Ох и крепко же я стукнулся! Несколько секунд я лежал. Голова гудела. Потом, кряхтя, поднялся, сел и (представьте себе!) увидел Майку. Она шла ко мне по тротуару, и рядом с ней шел высокий старик с подстриженными усами.

Подняться на ноги я еще не мог и сделал вид, что полностью занят своими ссадинами.

Они подошли.

– Однако целый, – с некоторым удивлением заметил старик. – Руки и ноги на месте. И слезы не каплют. Если не каплют, значит, все в порядке. Так? – спросил он у Майки, а не у меня.

Майка хмыкнула и промолчала. Я из‑под опущенных ресниц следил за ними. Старик это заметил.

– Интересно, – сказал он опять Майке. – Видать, это наш сосед. А не он это доску‑то отломал?

Майка жалостливо посмотрела на меня и улыбнулась.

– Ну что ты, дедушка! У него и силенок‑то не хватит. Другой оторвал, большой и белобрысый.

Дед усмехнулся:

– Тогда я пошел. А ты?

– Иди, – сказала Майка. – Я скоро приду.

И чего ей надо? Шла бы вместе с дедом…

– Ну? – с интересом спросила Майка. – Что же ты не закинул его на трубу?

Она смотрела на меня даже без ехидства, а так, как смотрят взрослые на маленьких болтунов. И чуть улыбалась.

– Еще издевается! – мрачно сказал я. – Тут у человека рана такая…

Вывернув локоть, я показал «рану».

– Ой, беда… – насмешливо откликнулась она. – Плюнул бы на подорожник да прилепил бы. Вот и все.

Нет, она не собиралась отрывать подол и торопливо перевязывать мои царапины. Не думала ронять прохладные слезинки и шептать ласковые слова.

Я сердито встал и с лязгом подцепил на крючок «Оленя».

– Обойдусь без твоих подорожников.

После этого надо было уходить. Гордо и независимо. Так, чтобы у нее от позднего раскаяния защемило сердце. Но у меня так не получилось. Боком и медленно я сделал первый шаг.

– Думаешь, мне жалко, что ли, было ту доску? – вдруг спросила она. – Просто не люблю, когда нахальничают.

– А я нахальничал?

Майка прищурилась:

– А зачем без спросу начал отрывать?

Любовь любовью, но кто же стерпит такие возмутительные слова?

– Без спросу! У тебя спрашивать, да!?

– А у кого? Раз это наш забор…

– Ваш?!

– А чей?

Ну, что я в ней нашел, чтоб влюбляться?

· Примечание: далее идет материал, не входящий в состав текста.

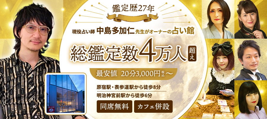 | 鑑定場所 | 東京の占いの館「占い優占」と「神秘堂」 ・有楽町占い優占…(火曜日) 〒100-0006 東京都千代田区有楽町1-3-7 美宝ビル3F ・新宿占い神秘堂…(木曜日・金曜日) ・赤坂占い優占…(土曜日) |
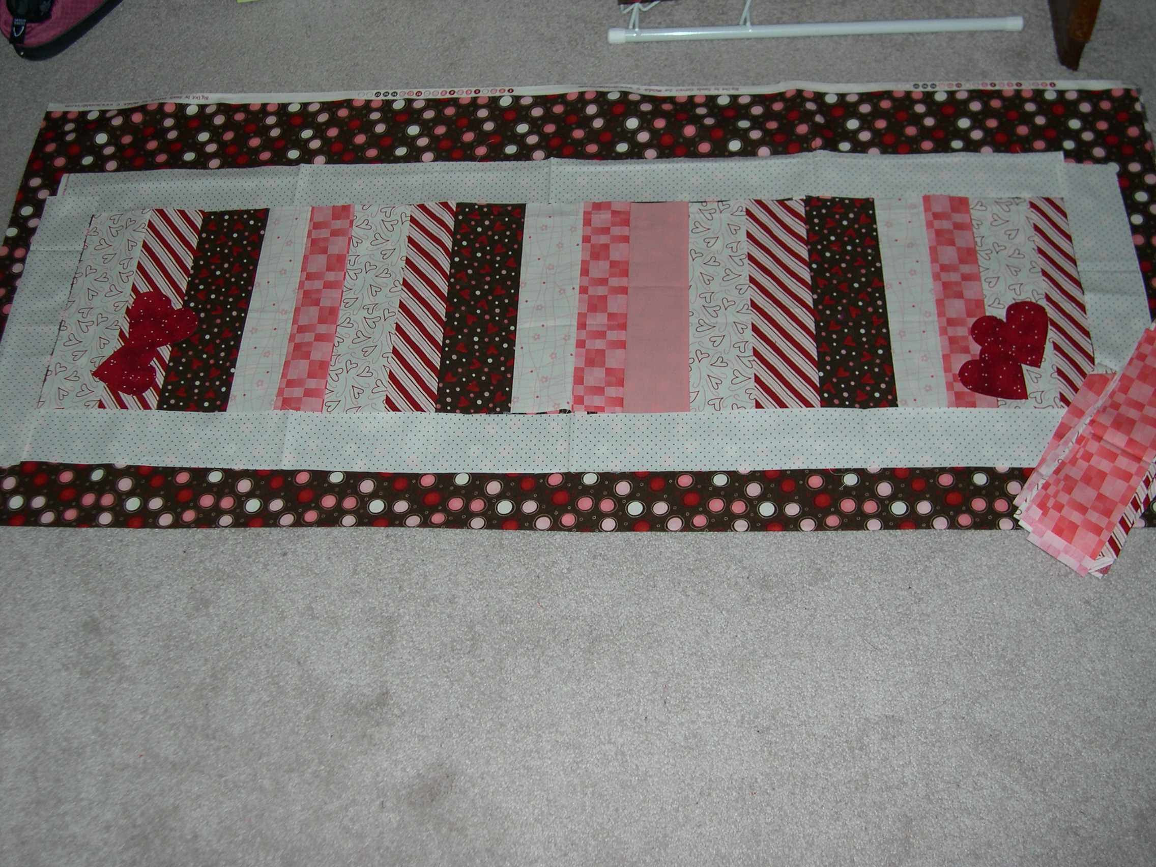 The first sewing project I am working on is a table runner for Valentine’s Day. I used Doris’ pattern from Threads of Conversation, but I had to change the measurements to accommodate the fabric quantities I had in my stash.
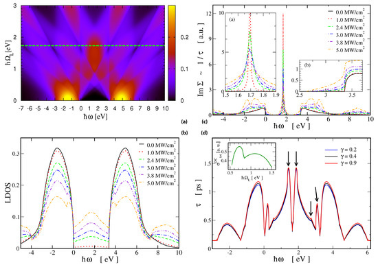 The Hamiltonian for the correlated system, , Equation (1), is solved numerically with a single-site Dynamical Mean Field Theory (DMFT) [33,34,35] and an iterated perturbation theory solver (IPT), see Figure 2f. The laser-band-electron Green’s function , Equation (4), is characterized by the wave vector k, describing the periodicity of the lattice, the electronic energy and the external driving frequency as contained in the Floquet indices . The DMFT self-consistency relation assumes the form of a dimensional matrix equation in regular Keldysh space and in becomes dimensional in Floquet space. The IPT is generalized to Keldysh-Floquet form as well. The resulting numerical algorithm proves to be efficient and stable for all values of U.

Треснуть бы каталкой по лбу, тогда узнала бы. Но нельзя трескать девчонок железными каталками. И я решил убить ее презрением.

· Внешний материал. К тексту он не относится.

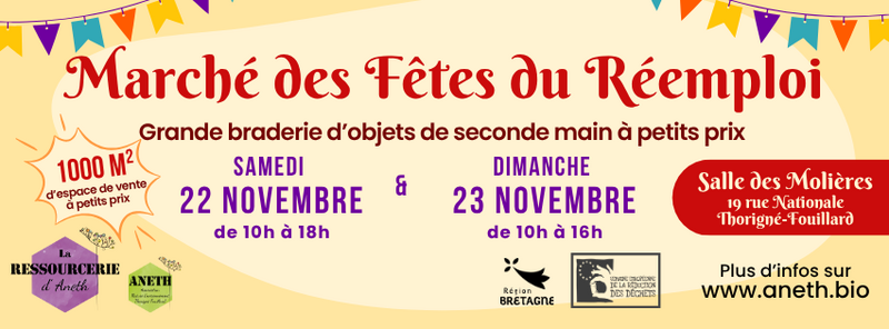 Les 22 et 23 novembre prochains, la ressourcerie d'aneth organise son 1er marché des fêtes du réemploi, dans la cadre de la @serd - semaine européenne de réduction des déchets. Un grand évènement gratuit, festif et convivial, pour les grands et les petits. L’occasion de découvrir ou redécouvrir comment consommer autrement, pour faire un geste pour la planète comme pour son porte-monnaie et pourquoi pas faire vos achats de noël autrement ?
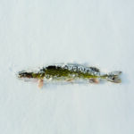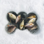 Then a fish appears. One of the baits is taken. The flag trips and bounces. We race over. Out through the ice it comes. And in bare hands you feel the temperature of the water in the fish itself — that you are, in fact, holding the pond in your hand. There is a density to this. The fish feels thicker. Maybe that’s because your hands without gloves have also grown denser, the blood thicker, slower. But there is a warmth in the color of the scales and fins. Winter fish are more like a festival — the color is in direct contrast to the ice you stand on, the monochrome. If we are to take a fish home, we leave it on the ice. My son stands there and studies it. He never does this when we’re fishing from the boat in the ocean. For some reason, the starkness of the fish lying on the ice, preserved as if indefinitely, like a wooly mammoth, gives him pause.
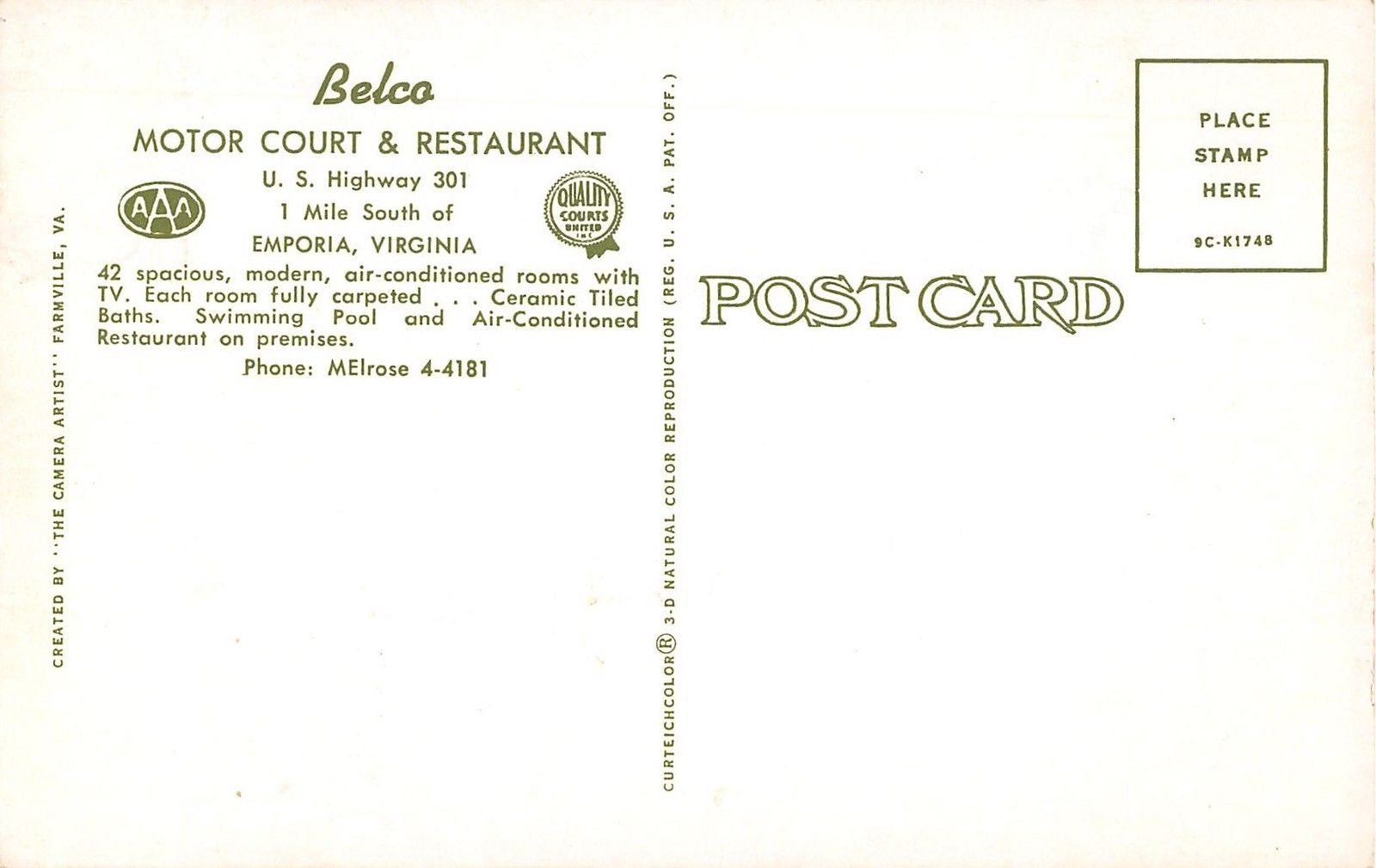 Emporia Virginia Belco Motor Court & Restaurant Vintage Postcard (J15550)
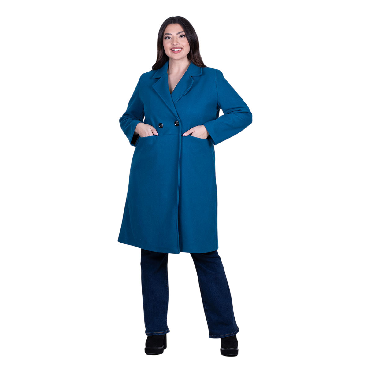 Platinum, διαχρονικό, παλτό σε ανοικτό πετρολ χρώμα, γυναικείο και γιακά με πέτο. Στο μπροστινό του μέρος, έχει εσωτερικές τσέπες και κουμπώνει με δύο κουμπιά και έχει εσωτερικό κούμπωμα με κουμπί.
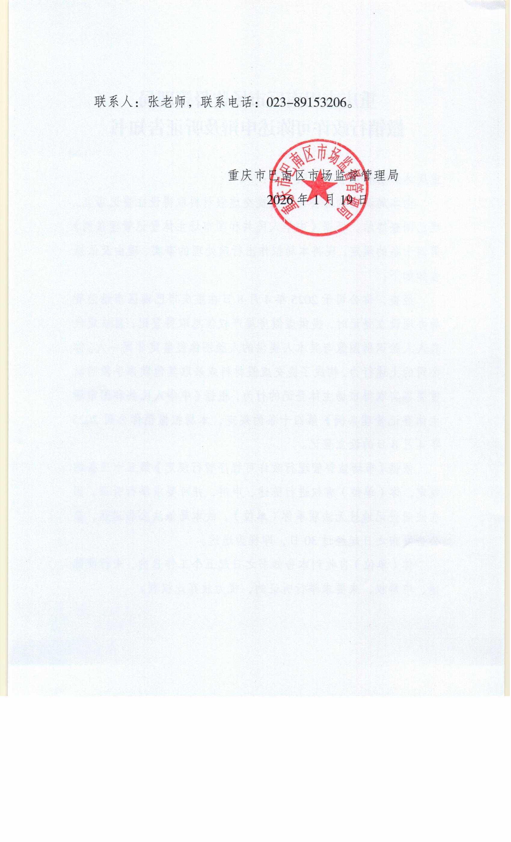 | [ 发布机构 ] | 重庆市巴南区市场监督管理局 | ||
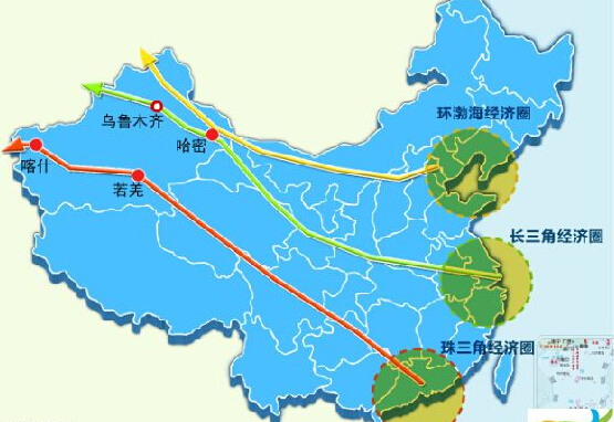????北通道起于“環(huán)渤海經(jīng)濟圈”,自京津唐經(jīng)山西、內(nèi)蒙古,從明水(甘新界)進入新疆,再經(jīng)伊吾、北屯、吉木乃西出哈薩克斯坦至俄羅斯;中通道起于“長三角經(jīng)濟圈”,自上海沿第二座亞歐大陸橋橫穿我國中原、西北諸省區(qū),由星星峽進入新疆,再經(jīng)哈密、吐魯番、烏魯木齊、精河,分別從阿拉山口和霍爾果斯出境直通中亞至歐洲;南通道起于“珠三角經(jīng)濟圈”,自廣東經(jīng)湖南、重慶、四川、青海,由依吞布拉克進入新疆,再經(jīng)若羌、和田、喀什,南下至印度洋沿岸的瓜達爾港,這是一條極具戰(zhàn)略意義的新通道。

– Ты, наверно, по правде дура, – сказал я. – Ну, пускай это был бы ваш забор. Мне, значит, надо было прийти и спрашивать: «Можно, я досочку оторву?» Что я, поленом стукнутый?

Майка была теперь не насмешливая, а даже немножко грустная.

– А ты бы все равно не пришел, – негромко сказала она. – Ты не знаешь, как у нас калитка открывается. Там надо за шнурок дернуть.

– Ну и дергай свой шнурок, – пробормотал я.

Она еще помолчала, отвернувшись, посмотрела зачем‑то на свою калитку и тихо спросила:

– А хочешь, покажу, как открывается?

– Больно надо… Я к вам не собираюсь.

– Ну, а если… А вдруг пойдешь?

– Доски просить, да? Мне они больше ни капельки не нужны.

– Ну… а если просто так? – сказала она, глядя в тротуар.

– Зачем? – охрипнув от неловкости, спросил я.

– Ну, так… Поиграть…

Я подавил смущение и хмыкнул:

– »Поиграть». Как играть‑то?

– Ты разве никак не умеешь? – спросила она и глянула опять слегка насмешливо.

Я сказал обидчиво:

– Я‑то по‑всякому умею.

– А в «чапаевцев»? – И она пощелкала пальцами, будто гоняла по шахматной доске круглые деревянные шашки, которые изображали в игре всадников.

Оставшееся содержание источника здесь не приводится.